Within 25 days, President Donald Trump will make a decision that will affect tens of thousands of refugees. On Wednesday, advocates lobbying members of Congress on Capitol Hill pressed for that number to be 75,000. Last year, Trump wanted it to be no more than 45,000. The reality in the last 11 months is closer to 20,000.
“It is very difficult right now,” Pastor Mike Wilker told 21 activists-in-training in a basement meeting room of his Capitol Hill parish, two blocks from Congress. “It gets depressing.”
By the end of September, Trump will have consulted with federal lawmakers and, with advice from agencies like the State Department, he will make a presidential determination about the maximum number of refugees the U.S. will allow in during the coming fiscal year, which starts October 1.
The volunteers took off after a few hours of training from LIRS, a national refugee resettlement organization, and Lutheran Social Services-National Capital Area, its local affiliate that hosted the event. They split into groups of two, three, sometimes more, and walked toward the offices of 19 U.S. representatives and senators — mostly Democrats, with a few Republicans.
It’s an issue, said Fiona Tomlin of Veterans for American Ideals, that “crosscuts members of every political stripe.”
Special immigrant visas
The Trump administration zealously curbed refugee arrivals within a week of Trump’s inauguration. Since then, through various lawsuits and iterations of the president’s order, the U.S. refugee program is a whisper of its former self. And the changes reach into special immigrant visa categories known as SIVs for Iraqis and Afghans who aided the U.S. government since the U.S. military interventions in those countries in the early 2000s.
Former U.S. Ambassador toAzerbaijanAnne Dersestudied the talking points about refugees during a break Wednesday before the congressional meetings. She’s retired now, on the cusp of becoming a deacon in the Episcopal Church after three decades of serving as a diplomat, including time in Iraq and Afghanistan.
Her son — a captain in the U.S. Marines — served in both countries as well, and her former bodyguard came to the U.S. through a special immigrant visa for longtime embassy workers overseas.
“I’ve seen how important it is to have the support of these kinds of people that we bring into the U.S. under the Special Immigrant Visa program,” said Derse. “It’s really important from a national security perspective. We made a promise, and we need to keep that promise … and I believe we have an obligation, in the bigger picture, to welcome refugees.”
So the 20-odd, newly minted advocates prepared.
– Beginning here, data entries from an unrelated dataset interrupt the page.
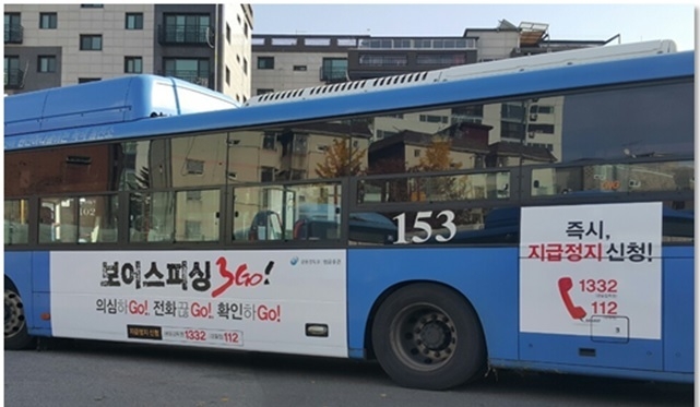 먼저, 버스의 경우 차도·인도면 및 후면 등 3개 면에 피해예방 요령을 담은 슬고건과 주의 문구를 부착한다. 슬로건은 ‘보이스피싱 3Go, 의심하고! 전화끊고! 확인하고’이며 주의 문구는 ‘보이스피싱, 당신도 피해자가 될 수 있습니다’로 정해졌다.
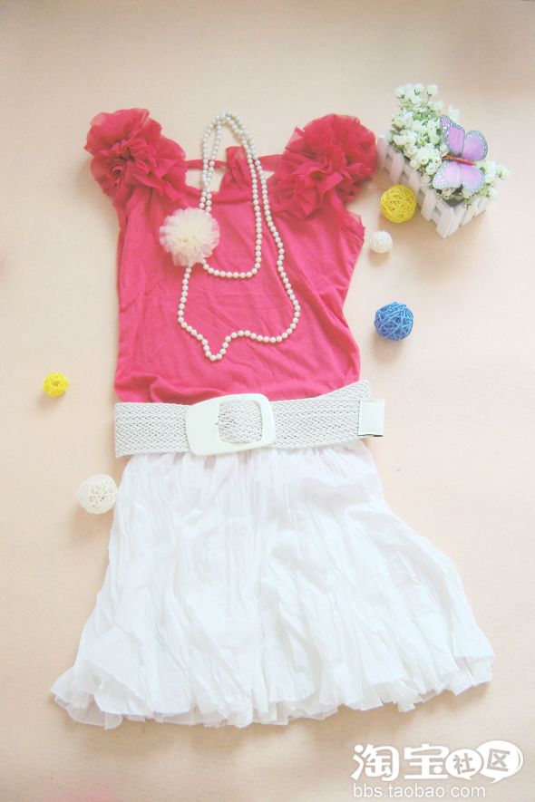 红色的木耳边T恤配白色的裙子,既有学院风又
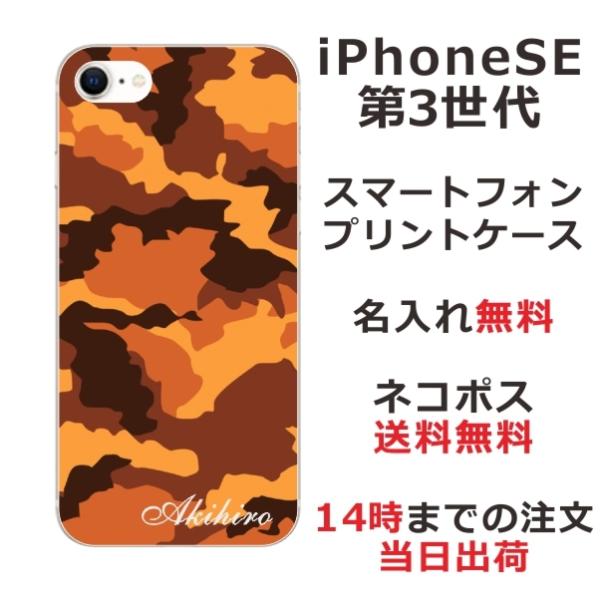 iPhone SE 第3世代 らふら 名入れ スマホケース 迷彩 ブラウン
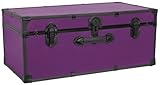 The purple Collegiate "II" Collection combines great style with sturdy construction, making it the ideal trunk! This travel trunk can serve numerous purposes! Constructed of heavy gauge vinyl. Wood frame construction. Brass plated hardware with one plastic handle. Easy open push button key lock. Dust and moisture resistant. Weighs approximately 20 pounds. Proudly made in the United States. (not meant for use as a seat) Assembly level/degree of difficulty: No Assembly Required. Made in America
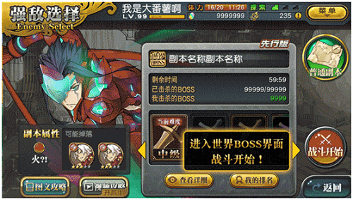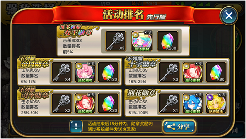 而随着参与人数的增加,玩家们还能够获得更丰厚的奖励以及更刺激的战斗体验哦。世界BOSS的奖励分为每场战斗奖励和活动结束后的排名奖励两种,每场战斗结束后都可以获得类似常规副本的战斗奖励,主要是强化经验素材和金币素材,同时活动结束以后会根据你击杀的BOSS分身数量的排名。奖励是根据百分比结算的,所以参与的玩家越多,能够晋升到前面阶段的机会就越大。只要努力,就能获得丰厚的回报哦!

They asked questions about why they should ask members of Congress to consider a 75,000-refugee cap for 2019 when that feels so unrealistic in the current political climate. (“If we say 50 [thousand] or 45 [thousand], what kind of message are we sending? Are we giving up …?” Javier Cuebas, of LIRS, said in explaining the decision to aim higher.) They decided who would tell what personal anecdotes during their meetings — the refugee family their church welcomed, the apartment their synagogue prepared for an SIV recipient, the fact that an organization that resettled 1,330 people last year is serving about 400 this year.
Making the case
The office of Representative Blumenauer is friendly territory for them. The Oregon Democrat not only supports the SIV program, he’s sponsored a bill to add more visas. There’s a modified American flag over the reception desk that says “In our America … immigrants and refugees are welcome.” An aide is waiting to meet the quintet of advocates.
Wilker, who ministers to a congregation on Capitol Hill that has facilitated the arrivals of SIV families, tells the aide he’s worried about the destruction of the immigration and refugee resettlement program.
“I can understand the need for double-checking,” he says of the Trump administration’s claims that additional security measures were needed for refugees and SIVs, “ … but we’re breaking promises left and right to these people.”